[What the task requires]
For every record that follows, write out the text exactly and omit the picture, if one is present.

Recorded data
Start of Block
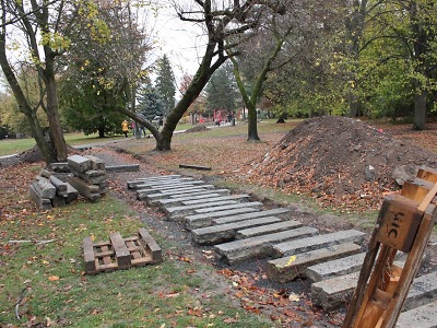 Jak pokračoval, některé cesty byly v parku rozšířeny a je zajišťován nový mobiliář. Během října však stavba nabrala zpoždění, a to kvůli zajišťování odsekové dlažby. „Potřebovali jsme materiál, který by byl nejvíce vizuálně podobný tomu z první etapy. Bohužel se lišil a nebyl odsouhlasen ani těžený materiál ze stejného lomu," vysvětil důvody zdržení Miloslav Chrumko. V současné době je situace řešena dovozem žulových odseků z polské lokality. Z výše uvedených důvodů došlo k prodloužení termínu ukončení dláždění do 9. 12. 2018.
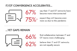 The onset of the COVID-19 pandemic forced most enterprises to fast-track their digital transformation projects in an unprecedented way. The survey results substantiate this observation—more than two-thirds of respondents said their IT and OT networks have become more interconnected since the COVID-19 pandemic began.
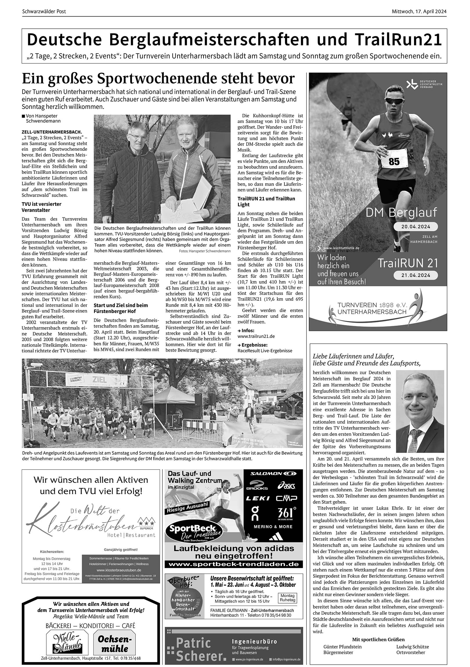 Dreh- und Angelpunkt des Laufevents ist am Samstag und Sonntag das Areal rund um den Fürstenberger Hof. Hier ist auch für die Bewirtung der Teilnehmer und Zuschauer gesorgt. Die Siegerehrung der DM findet am Samstag in der Schwarzwaldhalle statt. Foto: Hanspeter Schwendemann
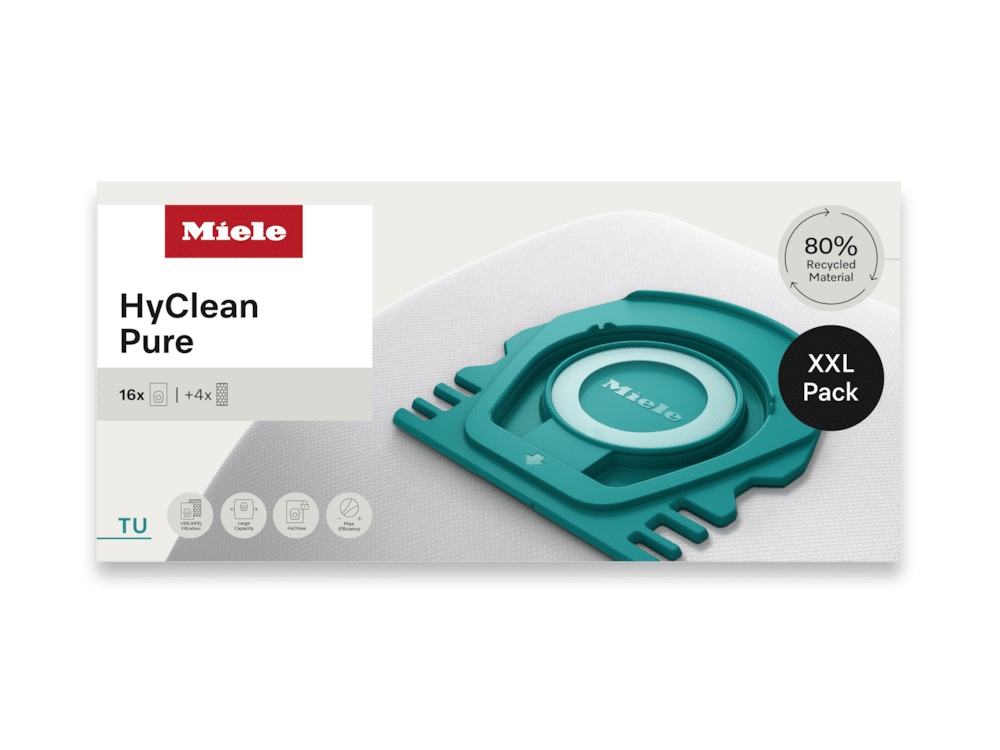 Der Name ist Programm: Die Miele XXL HyClean Pure TU Staubsaugerbeutel bieten ein extra großes Volumen, das deutlich über dem Standard liegt. Das bedeutet für Sie: Seltener Beutelwechsel und mehr Zeit für die schönen Dinge im Leben. Genießen Sie ununterbrochene Reinigungszyklen, ohne ständig an den nächsten Beutelwechsel denken zu müssen.
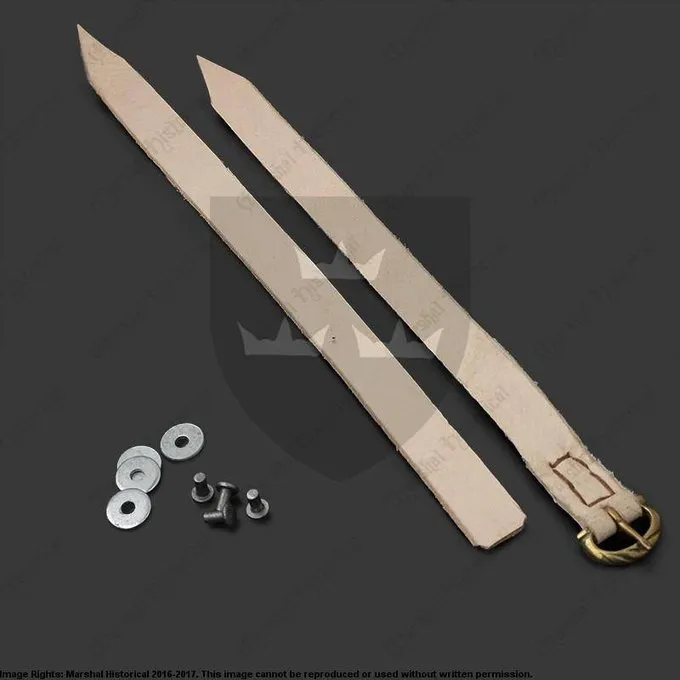 Disse handy bælter kan bruges til at erstatte bælter på rustning. De leveres herunder nitter og skiver, der gør dem nemme at knytte til rustning. Remmene har en messing replika spænde. Sættet indeholder: 1 bælte med spænde, 1 enkelt bælte, 4 nitter og underlagsskiver
End of Block
[Result of the task]
 Jak pokračoval, některé cesty byly v parku rozšířeny a je zajišťován nový mobiliář. Během října však stavba nabrala zpoždění, a to kvůli zajišťování odsekové dlažby. „Potřebovali jsme materiál, který by byl nejvíce vizuálně podobný tomu z první etapy. Bohužel se lišil a nebyl odsouhlasen ani těžený materiál ze stejného lomu," vysvětil důvody zdržení Miloslav Chrumko. V současné době je situace řešena dovozem žulových odseků z polské lokality. Z výše uvedených důvodů došlo k prodloužení termínu ukončení dláždění do 9. 12. 2018.
 The onset of the COVID-19 pandemic forced most enterprises to fast-track their digital transformation projects in an unprecedented way. The survey results substantiate this observation—more than two-thirds of respondents said their IT and OT networks have become more interconnected since the COVID-19 pandemic began.
 Dreh- und Angelpunkt des Laufevents ist am Samstag und Sonntag das Areal rund um den Fürstenberger Hof. Hier ist auch für die Bewirtung der Teilnehmer und Zuschauer gesorgt. Die Siegerehrung der DM findet am Samstag in der Schwarzwaldhalle statt. Foto: Hanspeter Schwendemann
 Der Name ist Programm: Die Miele XXL HyClean Pure TU Staubsaugerbeutel bieten ein extra großes Volumen, das deutlich über dem Standard liegt. Das bedeutet für Sie: Seltener Beutelwechsel und mehr Zeit für die schönen Dinge im Leben. Genießen Sie ununterbrochene Reinigungszyklen, ohne ständig an den nächsten Beutelwechsel denken zu müssen.
 Disse handy bælter kan bruges til at erstatte bælter på rustning. De leveres herunder nitter og skiver, der gør dem nemme at knytte til rustning. Remmene har en messing replika spænde. Sættet indeholder: 1 bælte med spænde, 1 enkelt bælte, 4 nitter og underlagsskiver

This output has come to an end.